Doug Hunt's essays examine a large subject close at hand: the city in
which he lives. "Columbia,
Missouri, is a
University town with pretensions to enlightenment, but it is also the capital of
'Little Dixie,'" Hunt says. Since 2003, he has been at work on a series of
five narrative essays that walk the reader forward from Columbia's slavery era to present-day law
enforcement. In 2004, the Missouri Review published the first of
these essays, "A Course in Applied Lynching," which recounts in
harrowing detail the lynching of a man named James Scott at the edge of the University of Missouri campus in 1923. The essay
was listed as a "notable essay" in that year's Best American Essays.

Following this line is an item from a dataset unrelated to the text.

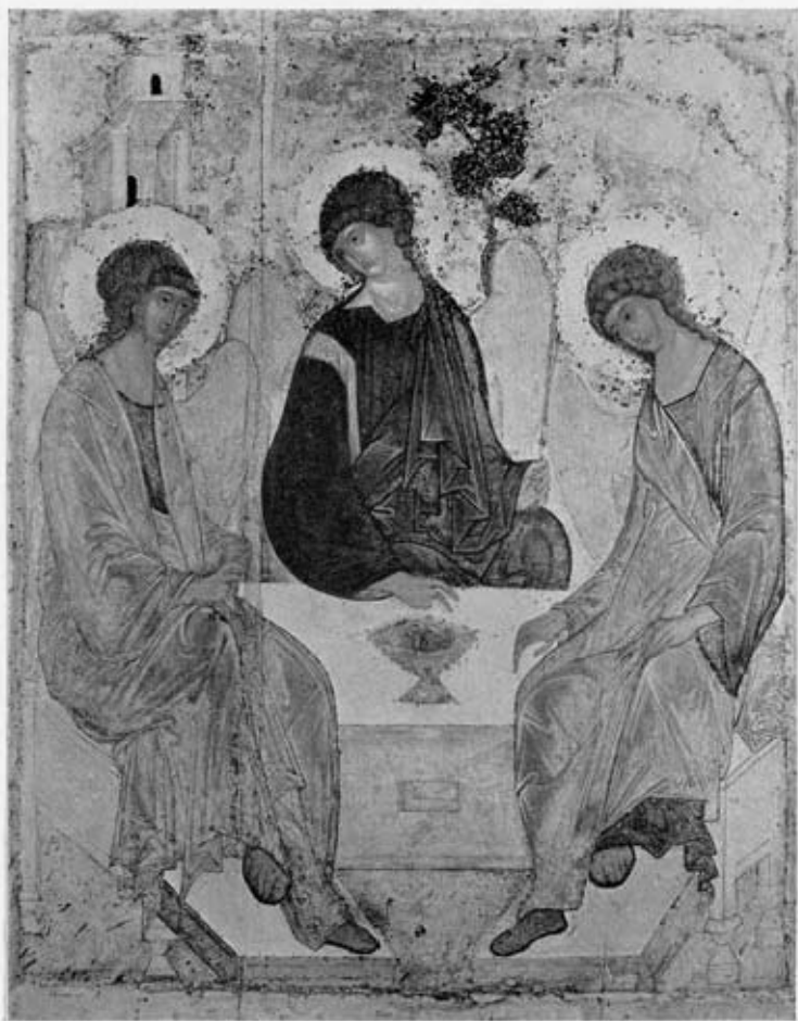
19. THE OLD TESTAMENT TRINITY (COPY)

Now self-published as a short book titled Summary Justice, the essay has
been instrumental in bringing together a coalition of black and white Columbians
who are re-examining Scott's lynching and placing a proper gravestone on his
unmarked grave.
Another group of essays that may lead to a second book illustrate Columbia's social history by focusing on three
generations of its founding family, tracing the town's violent beginnings and
its later attempts to turn away from social and physical violence and become
more democratic and progressive.
Hunt's turn to the non-fiction essay followed a career in academia as a
teacher of composition and the author of a successful series of textbooks with
Houghton Mifflin (The Dolphin Reader, The Riverside Guide to Writing,
The Riverside Anthology of Literature) and an ethnographic study of
teaching and learning, Misunderstanding the Assignment.